Sora 2 Prompting Guide
Sora 2 Prompting Guide & AI Business Applications
Overview
This episode of AI Daily Brief (hosted by Nathaniel Whittemore, though the host is not explicitly named in this transcript) covers two primary subjects: a practical guide to prompting OpenAI’s Sora 2 video generation model, drawing directly from OpenAI’s official Sora 2 Cookbook prompting guide, and five business use cases for Sora. The episode also includes headline news covering Cursor’s Plan Mode, NVIDIA’s AI coding adoption, Google’s Gemini 2.5 computer use model, Anthropic’s IBM partnership, and XAI’s Grok Imagine update.
The Sora 2 content matters because the model is newly available via API, rapidly gaining users, and represents a practical shift in how video content can be produced for business and creative purposes.
Source: No YouTube URL was provided for this episode.
Prerequisites
- Basic familiarity with AI text-to-video generation concepts
- General understanding of prompt engineering principles
- Awareness of OpenAI’s product ecosystem (ChatGPT, Codex, Sora)

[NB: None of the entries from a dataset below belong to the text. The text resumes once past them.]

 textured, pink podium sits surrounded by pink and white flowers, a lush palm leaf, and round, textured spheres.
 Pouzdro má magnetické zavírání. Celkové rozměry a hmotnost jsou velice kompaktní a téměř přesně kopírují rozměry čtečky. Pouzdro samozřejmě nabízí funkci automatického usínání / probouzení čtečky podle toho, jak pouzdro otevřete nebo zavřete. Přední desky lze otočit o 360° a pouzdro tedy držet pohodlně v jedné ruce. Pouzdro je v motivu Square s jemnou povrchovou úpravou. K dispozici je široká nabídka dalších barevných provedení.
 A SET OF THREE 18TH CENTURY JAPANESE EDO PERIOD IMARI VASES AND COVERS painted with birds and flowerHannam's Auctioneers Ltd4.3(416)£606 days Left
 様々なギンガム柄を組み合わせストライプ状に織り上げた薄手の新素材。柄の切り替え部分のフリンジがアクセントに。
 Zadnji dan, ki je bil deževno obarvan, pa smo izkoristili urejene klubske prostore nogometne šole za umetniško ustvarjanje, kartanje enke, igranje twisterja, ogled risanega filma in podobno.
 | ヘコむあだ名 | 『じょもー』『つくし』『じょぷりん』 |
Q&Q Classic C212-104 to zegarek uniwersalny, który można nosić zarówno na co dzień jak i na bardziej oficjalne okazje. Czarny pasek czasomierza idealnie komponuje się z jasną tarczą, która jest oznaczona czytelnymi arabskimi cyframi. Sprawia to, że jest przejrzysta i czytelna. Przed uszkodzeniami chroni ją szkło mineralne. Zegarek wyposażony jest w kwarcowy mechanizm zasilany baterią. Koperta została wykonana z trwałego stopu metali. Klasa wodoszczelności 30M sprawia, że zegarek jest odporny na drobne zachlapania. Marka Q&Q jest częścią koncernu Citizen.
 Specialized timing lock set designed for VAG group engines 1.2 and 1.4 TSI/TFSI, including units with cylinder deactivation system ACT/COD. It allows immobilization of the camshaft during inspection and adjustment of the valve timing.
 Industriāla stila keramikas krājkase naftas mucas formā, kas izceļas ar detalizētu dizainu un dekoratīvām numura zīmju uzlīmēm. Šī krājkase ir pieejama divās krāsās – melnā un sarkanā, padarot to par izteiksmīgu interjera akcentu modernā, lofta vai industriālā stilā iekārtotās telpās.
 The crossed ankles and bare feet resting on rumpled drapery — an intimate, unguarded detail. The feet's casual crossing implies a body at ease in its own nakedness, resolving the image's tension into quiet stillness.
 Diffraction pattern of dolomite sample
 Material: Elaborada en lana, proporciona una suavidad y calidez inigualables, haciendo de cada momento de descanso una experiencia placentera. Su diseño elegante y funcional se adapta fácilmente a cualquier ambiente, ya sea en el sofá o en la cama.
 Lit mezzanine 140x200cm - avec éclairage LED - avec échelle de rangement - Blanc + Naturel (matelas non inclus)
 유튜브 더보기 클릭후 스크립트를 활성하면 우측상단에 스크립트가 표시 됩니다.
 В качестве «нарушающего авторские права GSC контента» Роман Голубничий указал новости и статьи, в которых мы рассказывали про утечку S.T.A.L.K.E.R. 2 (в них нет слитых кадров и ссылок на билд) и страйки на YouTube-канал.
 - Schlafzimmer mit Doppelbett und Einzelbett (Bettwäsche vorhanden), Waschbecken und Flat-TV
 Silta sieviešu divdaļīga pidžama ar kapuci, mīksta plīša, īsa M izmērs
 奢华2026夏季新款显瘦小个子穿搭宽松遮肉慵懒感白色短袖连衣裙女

- Familiarity with video production terminology (camera setups, grading, shot lists) is helpful for the advanced prompting section
- Basic understanding of content marketing and UGC (user-generated content) for the business use case sections
Main Points
Cursor Introduces Plan Mode
- Plan Mode allows Cursor’s coding agent to create structured plans, research the codebase, ask clarifying questions, and memorialise the final plan in an editable markdown file before executing.
- The feature exemplifies a broader theme: context is king in advanced AI use; planning lets the agent collaboratively build context with the user before acting.
- NVIDIA CEO Jensen Huang confirmed that 100% of NVIDIA’s engineers now use AI coding assistants, citing Cursor specifically and noting significant productivity gains.
- AnySphere (Cursor’s maker) is fielding investment at a $30 billion valuation, more than triple its June 2025 valuation, partly driven by the unique ground-level usage data Cursor accumulates.
Other AI Headlines
- Google Gemini 2.5 Computer Use: Optimised for human-focused interfaces (web browsers); currently limited to web browsing only, unlike OpenAI and Anthropic equivalents; available via API.
- Google CodeMender: A code security agent that has autonomously upstreamed 72 security fixes to open-source projects, some with codebases up to 4.5 million lines.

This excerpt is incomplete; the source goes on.